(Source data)
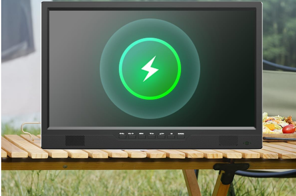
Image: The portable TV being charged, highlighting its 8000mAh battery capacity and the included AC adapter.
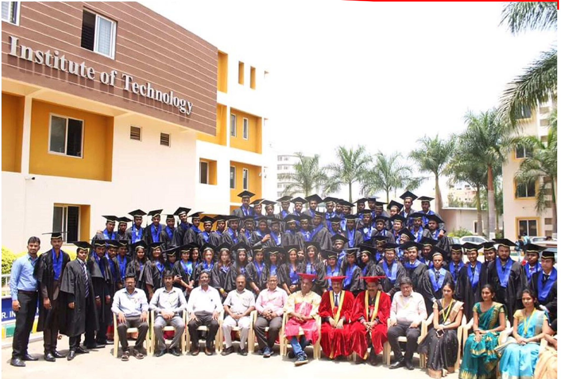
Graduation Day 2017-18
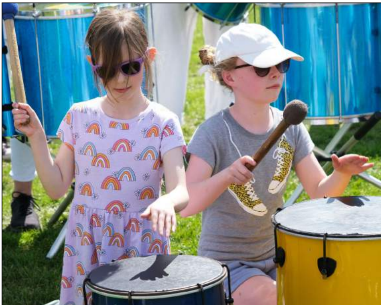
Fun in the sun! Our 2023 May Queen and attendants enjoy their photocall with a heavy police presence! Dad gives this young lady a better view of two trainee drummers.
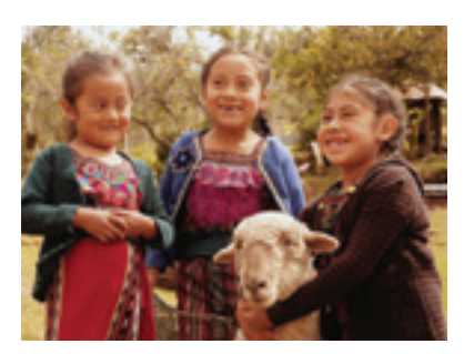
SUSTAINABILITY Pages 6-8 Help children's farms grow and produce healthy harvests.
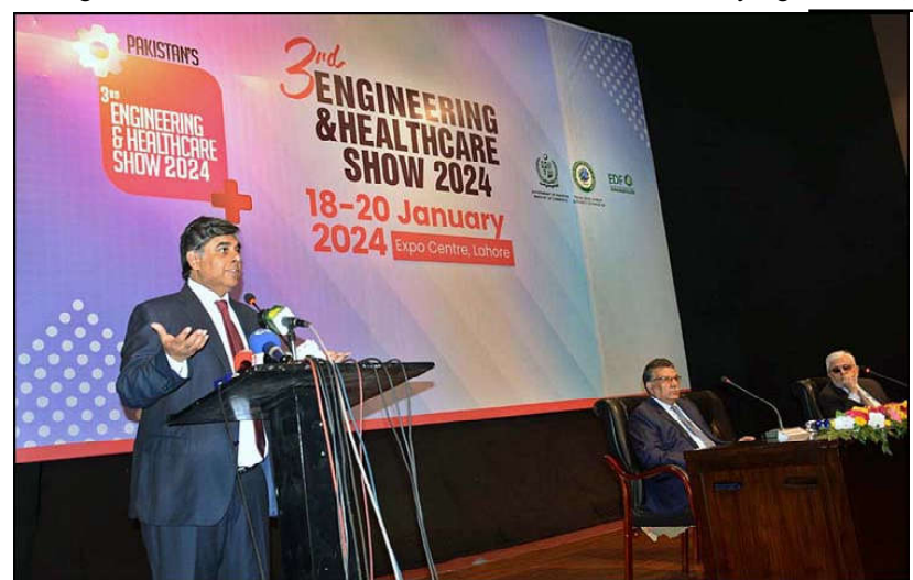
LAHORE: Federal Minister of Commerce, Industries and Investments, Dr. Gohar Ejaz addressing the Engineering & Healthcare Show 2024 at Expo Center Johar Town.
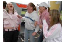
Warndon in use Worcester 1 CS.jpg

§ **What the exercise asks**
Your copy should hold every record word for word and none of the pictures.

§ **Your solution**
Image: The portable TV being charged, highlighting its 8000mAh battery capacity and the included AC adapter.
Graduation Day 2017-18
Fun in the sun! Our 2023 May Queen and attendants enjoy their photocall with a heavy police presence! Dad gives this young lady a better view of two trainee drummers.
SUSTAINABILITY Pages 6-8 Help children's farms grow and produce healthy harvests.
LAHORE: Federal Minister of Commerce, Industries and Investments, Dr. Gohar Ejaz addressing the Engineering & Healthcare Show 2024 at Expo Center Johar Town.
Warndon in use Worcester 1 CS.jpg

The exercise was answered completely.